Library mulls tax hike
Aspen Times Staff Writer
The Pitkin County Library may turn to citizens for a property-tax increase in November for improvements to its facility despite warnings about the tough economic climate.
During a meeting Tuesday, Pitkin County commissioners cautioned against a ballot initiative, citing an increasing financial burden on voters.
Library staffers and board members turned out for yesterday’s meeting as librarian Kathy Chandler outlined the district’s concerns. A budget crisis has forced the library to seek a property-tax increase of .23 mills – meaning the owner of a home worth $1 million would pay an additional $18.31 annually – to help fund future programs.
Staffers were forced to face their budget problems last year when the company that maintains the library’s outdated filing system refused to renew its service contract. Chandler, a Pitkin County librarian since 1979, said the library board hopes to switch to a radio-frequency system to keep track of its 114,000 books.

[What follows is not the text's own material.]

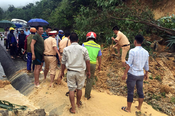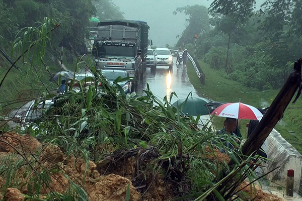 | Nhiều phương tiện bị ách tắc do sạt lở nghiêm trọng |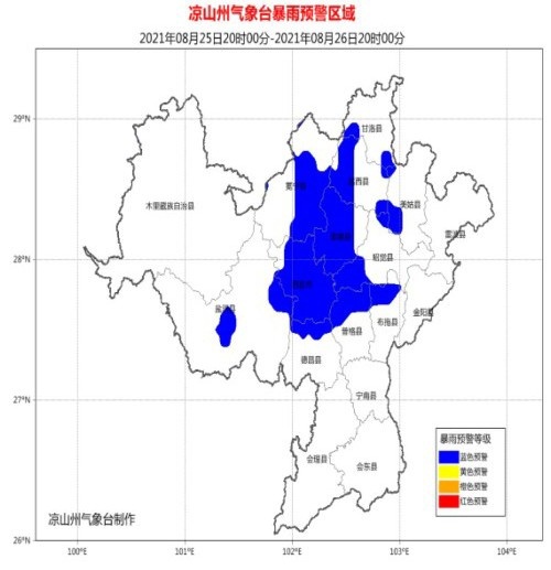 凉山州气象台也发布了暴雨蓝色预警:预计25日傍晚到26日白天,凉山州有一次强降雨天气过程,雨量普遍为中到大雨,其中西昌市、盐源县、德昌县、普格县、布拖县、昭觉县、喜德县、冕宁县、越西县、甘洛县、美姑县的部分乡镇有暴雨,个别乡镇有大暴雨,本次天气过程可能伴有短时强降水、雷暴、短时阵性大风等强对流天气。

The system, which will cost an estimated $154,000, will allow for a convenient checkout counter, Chandler said. This pricey but improved system will even allow for a self-checkout station.
“We knew that, in order to make that technological change, it was going to cost a lot of money,” she admitted.
But additional funding is necessary for better service, Chandler said – especially when it comes to library staff.
The library staff includes 18 employees – some are part-time shelvers, Chandler explained – to manage its collection. However, circulation has tripled in recent years, putting an enormous burden on the staff.
Switching to the radio-frequency system will require an additional “lump of staff time,” Chandler said, as the library must re-index all books and reference materials.
“Lots of back-room activities are falling behind because we’ve taken so many people out and put them in the public area,” she said. “Push has come to shove at this point. We need more help.”
The library board looked at other fund-raising ideas, including a small service charge for use of its public computers, before deciding on a ballot question.
“In the end, you end up with a small amount of money and a lot of ticked-off people,” Chandler said about the service charge idea.
The library would raise $384,528 through its proposed property-tax increase, raising money for more staff, more computers and, best of all, a new opening time – 9 a.m. Monday through Saturday, as opposed to 10 a.m.
“Nobody likes the idea of having to go out and ask the taxpayers for more money,” Chandler said, but board members agreed it was their best option.
Taxpayers may not agree, Commissioner Patti Clapper countered. Times are hard, and Pitkin County is strapped for cash.
“It’s going to be tough to justify [a tax hike] to the public in a time of budget crisis,” Clapper said.
Commissioner Shellie Roy agreed, noting that county residents often complain about the “small apple pie tax increases” that accumulate over time.
“We then face a backlash,” Roy said. “We do see a cumulative effort [against tax increases], even if they love everything they vote for.”
Commissioner Dorothea Farris expressed frustration over the library’s finances.
“I think the free educational library system is essential to our society,” she said, citing her experience as an English teacher. “I think if there are those willing to fight a battle [for a tax hike], I don’t see a problem in letting that happen.”
Commissioner Mick Ireland hesitated to offer his opinion on the issue – his sister works at the library, he said, and will likely support the ballot initiative.
However, counsel from County Attorney John Ely allowed Ireland to state his case – not against the issue, he noted, but against the library board’s poor timing.
“I’m a little bit offended that this is being sprung on us with two or three weeks to decide,” Ireland said.
The county must approve November’s ballot by 4 p.m. on Sept. 10, he said, leaving commissioners little time to discuss the issue. It also limits the library’s chances to study and publicize the issue.
“I don’t want to see people get hurt by a ballot question that’s not fully cooked,” Ireland said. “You don’t have the kind of background that prepares you for the storm of a ballot question.”
He also worried that an “odd-year” election would limit voter turnout. With few items of public interest on November’s ballot, Pitkin County residents will likely sit this one out, Ireland warned.
A rejection by voters might prove “demoralizing” for library staff, commissioners agreed.
“I would feel just terrible to have the library suffer a defeat at the polls,” Commissioner Jack Hatfield said.
Commissioners suggested the library board resume budget discussions before seeking a ballot initiative. If the group still feels a tax increase is warranted, they could come back to the county in two weeks for a second consultation.
“So, this isn’t a `no’?” a library board member asked the commissioners.
“Not at all,” Roy said. Instead, the delay will allow the library board “to play with the info we’ve given you.”